Do Any Creative Activity 

…as long as it doesn’t involve your phone. I don’t want you to be tempted to close one app and end up scrolling through another. I want your mind to be occupied with the steps it takes to create whatever you’ve decided to create.

A craft. A playlist. A simple drawing. Watercolor. A poem. A page. A meal plan. An event.

It can be SUPER beginner level. You don’t have to show it to anyone. Whatever you’re creating is not about the end result, it’s about the process of creating. The main point is you can only be focused on making whatever you’re making. This gives other parts of your brain a break, and this de-focused attention often results in creative breakthroughs when you’ve been stuck on something.


The hardcore grownups in the room are thinking, “I don’t have time to play, Megan.”

Hear me out.

Play looks different for everyone. For me, playing means wandering through thrift shops and antique shops. It’s one of my most favorite things to do, because it’s fun to imagine what I might find and to wonder about the stories behind the things that other people have discarded.

For you, maybe it’s taking a walk or doodling or daydreaming or lunch with friends or movie night with your family. Use whatever time you have. You can’t find ten minutes to play? The only goal is dedicating a set amount of time to something you enjoy for no other reason than the enjoyment of it. You’re not trying to impress anyone. You’re not accomplishing anything important. You’re having fun. That’s all. (Note: This is not selfish. You deserve to have fun, and the people in your life deserve to have a “you” that is refreshed and joyful.)

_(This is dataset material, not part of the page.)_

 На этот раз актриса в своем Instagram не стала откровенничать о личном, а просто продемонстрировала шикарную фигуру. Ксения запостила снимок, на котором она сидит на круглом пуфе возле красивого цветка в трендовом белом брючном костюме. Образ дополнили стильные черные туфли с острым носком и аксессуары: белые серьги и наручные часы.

What do you think? Can you find ways to incorporate any or all of these into your life? You don’t have to do them all at once. Pick one and try it until it becomes second nature, and then add another. I know I’m asking a lot from some of you, but I’d argue that if you’re super resistant to the things on this list, you’re probably the one who needs them most.

Creativity is an incredibly valuable asset, and we’ve all got it. Some of us have had it squashed by any number of things, but it can always be recovered. You are worth the investment it takes to find yours.